RESULTS AND DISCUSSION
Conservation of the NTD and SSB1 structures in hRPA701–326
To test if the NTD and/or SSB1 structures adopted a new conformation in the hRPA701–326 fragment, the amide 1H and 15N chemical shifts from the 1H-15N HSQC spectra of hRPA701–168, hRPA70182–291 and hRPA701–326 were correlated. Figure 1 shows the positions of these fragments in the linear sequence of hRPA70. The correlation coefficients and slopes for the NTD and SSB1 resonances in the context of the three fragments are listed in Table 1. The values are close or equal to one, implying that there are minimal changes in the structures of the two domains when they are connected by the flexible linker. The largest amide 1H and/or 15N chemical shift changes occurred for NTD residues M57 (1HδΔ = 0.05 p.p.m.) and L87 (15NδΔ = 0.42 p.p.m.) and for SSB1 residues W197 (1HδΔ = 0.06 p.p.m.) and F269 (15NδΔ = 0.65 p.p.m.). From this analysis we conclude that any coupling that exists between the NTD and SSB1 in hRPA701–326 is weak. Of course, we cannot rule out the possibility of coupling between the NTD and SSB2, the ZBD or the other two subunits of hRPA.

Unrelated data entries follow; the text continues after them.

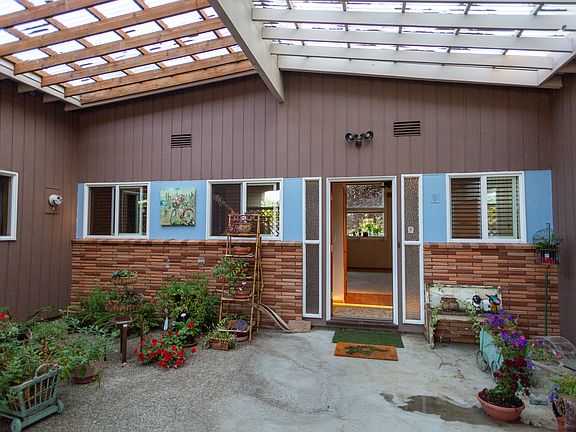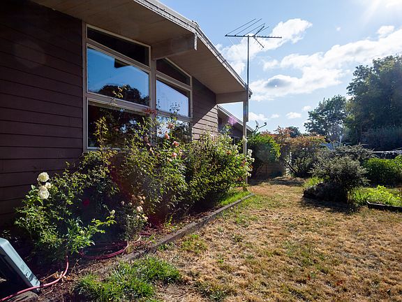 Accepted Offer with Contingencies. Mid-Century Modern Home! Dramatic covered atrium entry. Home is one of a kind and full of character, high ceilings in LR w/cathedral style windows. Single story, 5 bedrooms, 2 baths, lots of built in storage, huge laundry room could be used as a studio, recent remodeling in bath and kitchen, some handicap amenities. Close to park and schools. Large fenced back yard w/blueberries, peach and pear trees. 550 SF garage w/plenty of room for shop.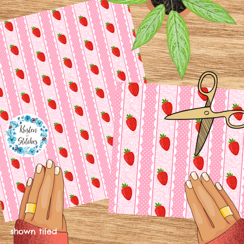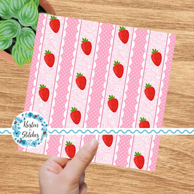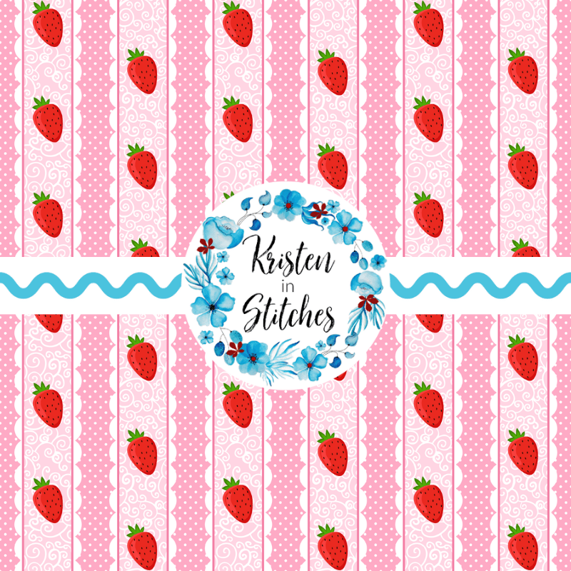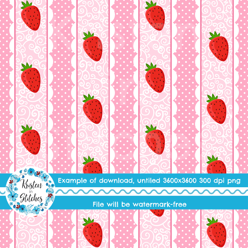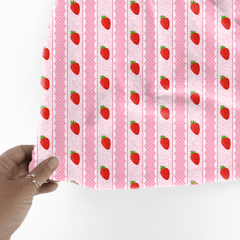 Sweet Lace Strawberry Stripes Seamless Pattern, Red and Pink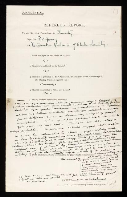 Cyril Norman Hinshelwood, Referee's report by Cyril Norman Hinshelwood, on a paper 'The quantum mechanics of electrochemistry. II' by R W Gurney, January 1932, RR/47/77, The Royal Society Archives, London, https://makingscience.royalsociety.org/items/rr_47_77/referees-report-by-cyril-norman-hinshelwood-on-a-paper-the-quantum-mechanics-of-electrochemistry-ii-by-r-w-gurney, accessed on 08 February 2026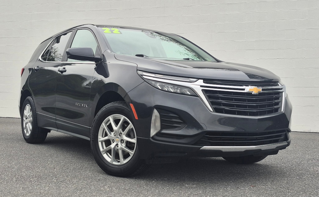 Clean CARFAX. 2022 Chevrolet Equinox LT Iron Gray Metallic AWD 6-Speed Automatic Electronic with Overdrive 1.5L DOHC Local Trade, 17" Aluminum Wheels, 2 Rear USB Charging-Only Ports, 8-Way Power Driver Seat Adjuster, ABS brakes, Air Conditioning, Bluetooth® For Phone, Compass, Dual front impact airbags, Dual front side impact airbags, Electronic Stability Control, Front Bucket Seats, Front Center Armrest, Fully automatic headlights, Heated door mirrors, Low tire pressure warning, Occupant sensing airbag, Outside temperature display, Overhead airbag, Overhead console, Power door mirrors, Power windows, Preferred Equipment Group 1LT, Premium audio system: Chevrolet Infotainment 3, Premium Cloth Seat Trim, Radio: Chevrolet Infotainment 3 System w/AM/FM, Rear window defroster, Rear window wiper, Remote keyless entry, Security system, SiriusXM Radio, Speed control, Speed-sensing steering, Split folding rear seat, Steering wheel mounted audio controls, Tachometer, Telescoping steering wheel, Tilt steering wheel, Traction control, Trip computer, Variably intermittent wipers, Wireless Apple CarPlay/Wireless Android Auto. 25/30 City/Highway MPG CALL US NOW FOR DETAILS 888-532-2121 HHCHEV.COM.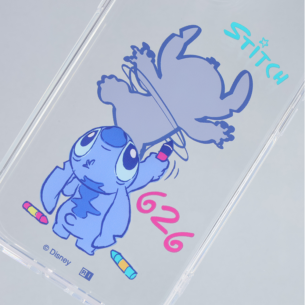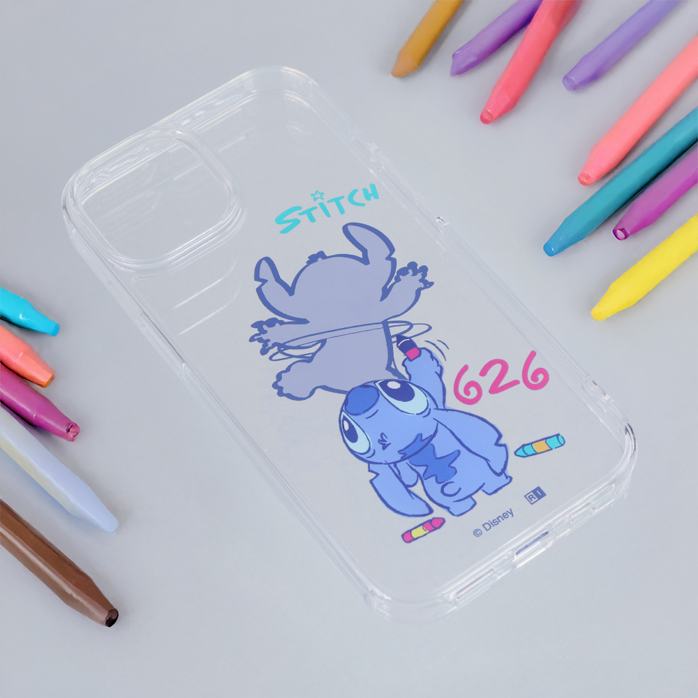 お絵描きが好きなスティッチが、自分自身を描いている、遊び心たっぷりのデザインが楽しめる透明感のあるハイブリッドケース。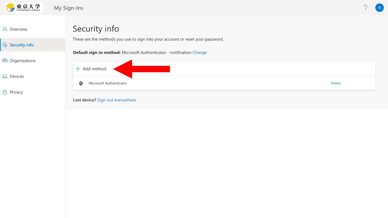- Click “Add method” in the Security info page.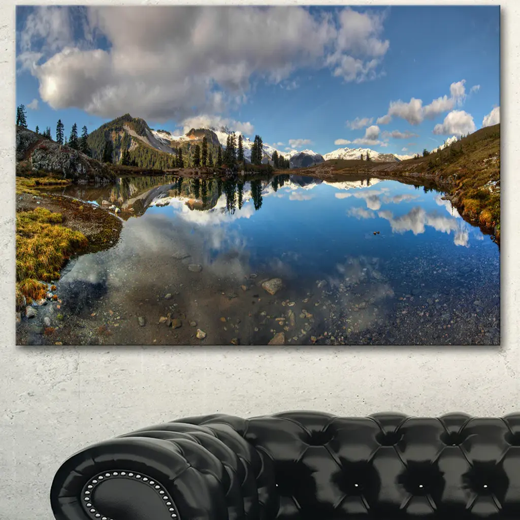 Clear Lake With Pine Trees Panorama, Landscape Canvas Art Print, 60"x28"
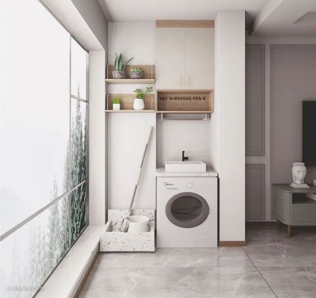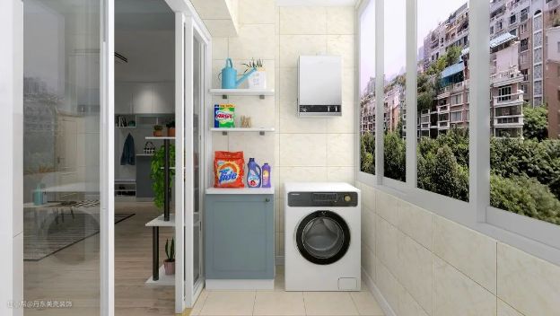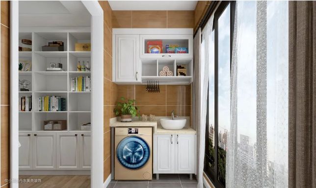▲ 家里只有一个阳台的话,可以设计成洗衣晾晒区。在客厅和阳台之间安装窗帘作为隔断,窗帘与客厅风格搭配和谐,避免客人来做客时尴尬。
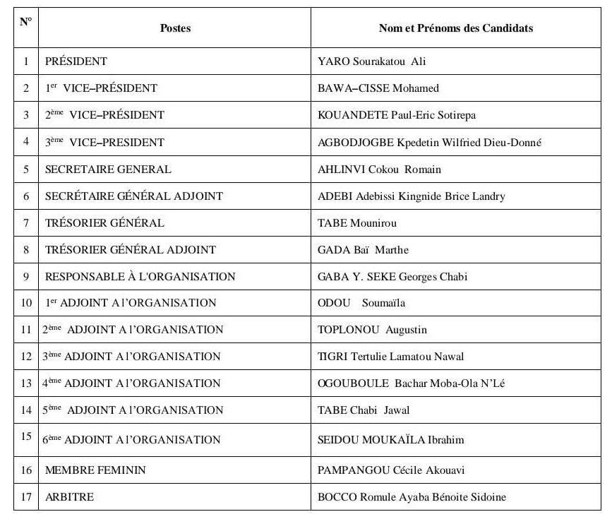 Cette équipe du président Ali Yaro a connu quelques réajustements ainsi que des arrivées en vue de relever encore plus efficacement les défis qui attendent la fédération. Parlant des entrées, il s’agit des hommes et femme qui, depuis leur position, apportaient déjà leur pierre à l’édifice. On a ainsi Brice Adébi, président de la Ligue Atlantique-Littoral qui entre dans le bureau au poste de secrétaire général adjoint (SGA). Il remplace Arouna Soulé, admis à la direction technique du volley-ball. Au niveau de l’organisation, Bachar Ogueboulé et Ibrahim Seidou Moukaila ont pris les postes d’adjoints. Cécile Akouavi Pampangou, elle est élue membre féminin.

Table 1. Statistics for chemical shift correlation plots.
Correlation |
Horizontal axis |
Vertical axis |
Slope (M) |
Correlation coefficient (r) |
A | hRPA701–326 (1H p.p.m.) | hRPA70182–291 (1H p.p.m.) | 0.99 | 1.00 |
B | hRPA701–326 (15N p.p.m.) | hRPA70182–291 (15N p.p.m.) | 1.00 | 1.00 |
C | hRPA701–326 (1H p.p.m.) | hRPA701–168 (1H p.p.m.) | 1.00 | 1.00 |
D | hRPA701–326 (15N p.p.m.) | hRPA701–168 (15N p.p.m.) | 1.00 | 1.00 |
E | hRPA701–168 + dt10 (δ1H p.p.m.) | hRPA701–326 + dt8 (δ1H p.p.m.) | 0.78 | 0.87 |
The two globular domains of hRPA701–326 rotate independently
Transverse relaxation experiments were performed on hRPA701–168 and hRPA701–326, with the expectation that the lack of a strong direct interaction between the two domains would give rise to similar transverse relaxation rates for hRPA701–326 compared with hRPA701–168 (27). 15N transverse relaxation rates (R2) were calculated by fitting the residue-specific intensities from a series of relaxation experiments to a single decaying exponential function. Figure 2 shows a plot of R2 for the NTD in hRPA701–168 and hRPA701–326 versus residue number. Unambiguous rate determinations were possible for 94 of the N-terminal 114 residues of hRPA701–168 and for 78 of the N-terminal 117 residues of hRPA701–326.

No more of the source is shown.